Misa costistrigata

Scientific classification
- Domain: Eukaryota
- Kingdom: Animalia
- Phylum: Arthropoda
- Class: Insecta
- Order: Lepidoptera
- Superfamily: Noctuoidea
- Family: Noctuidae
- Genus: Misa
- Species: M. costistrigata
- Binomial name: Misa costistrigata (Bethune-Baker, 1927)
- Synonyms: Tuerta costistrigata Bethune-Baker, 1927; Schausia costistrigata Bethune-Baker, 1927;

= Misa costistrigata =

- Authority: (Bethune-Baker, 1927)
- Synonyms: Tuerta costistrigata Bethune-Baker, 1927, Schausia costistrigata Bethune-Baker, 1927

Species of moth

Misa costistrigata is a moth in the family Noctuidae. It was described by George Thomas Bethune-Baker in 1927. It is found in Cameroon.

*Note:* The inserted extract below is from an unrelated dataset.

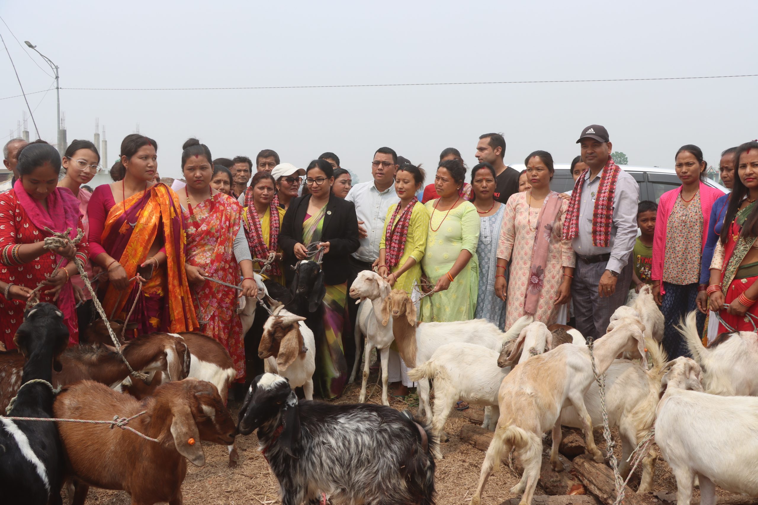 भरतपुर महानगरपालिकाका प्रमुख रेनु दाहालले बाख्रा वितरण गर्दै निम्न आयस्तर भएका नागरिकको जीवनस्तर सुधार्न युवा लक्षित कार्यक्रम सञ्चालनमा ल्याएको बताइन्। यो कार्यक्रममार्फत बाख्रा, बङ्गुर कुखुरा र हाँस वितरण गरिनेछ । राम्रो प्रतिफल दिने किसानलाई पुरस्कृत गरिनेछ, १७ समूहलाई रु दुई लाखका दरले वितरण गरिनेछ, उहाँले भन्नुभयो ।
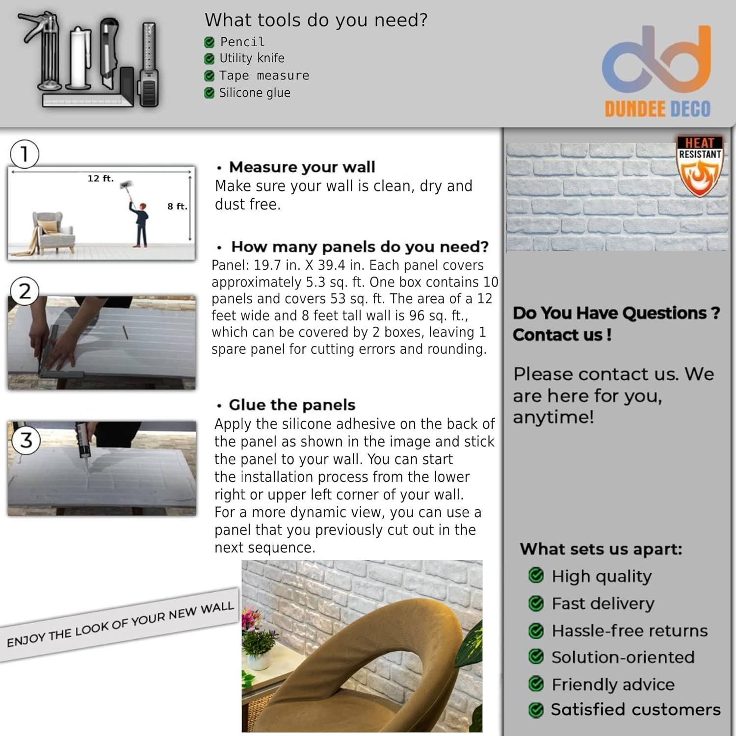 - Covers More Wall in Less Time. Each 3D panel measures 39.4" x 19.7" x 0.80", with a 10-pack covering 53 sq. ft. (for standard height walls, 6 feet wide). Larger size means fewer pieces and quicker installation. Note: Sample panels are 10" x 10".

The wingspan is about 48 mm. Both wings are black with broad white median areas. The forewings have three indistinct stripes of scattered blue scales in the basal area, followed by a broad oblique white stripe from the costa to the inner margin. The costa has a subcostal stripe of differently placed scales from the inner edge of the white stripe almost into the subapical area. This stripe is white in the white area, but grey in the black area. The neuration beyond the white area is finely marked out with bluish scales. The basal black area of the hindwings is restricted and followed by a very broad white area. The outer margin is very broadly deep black.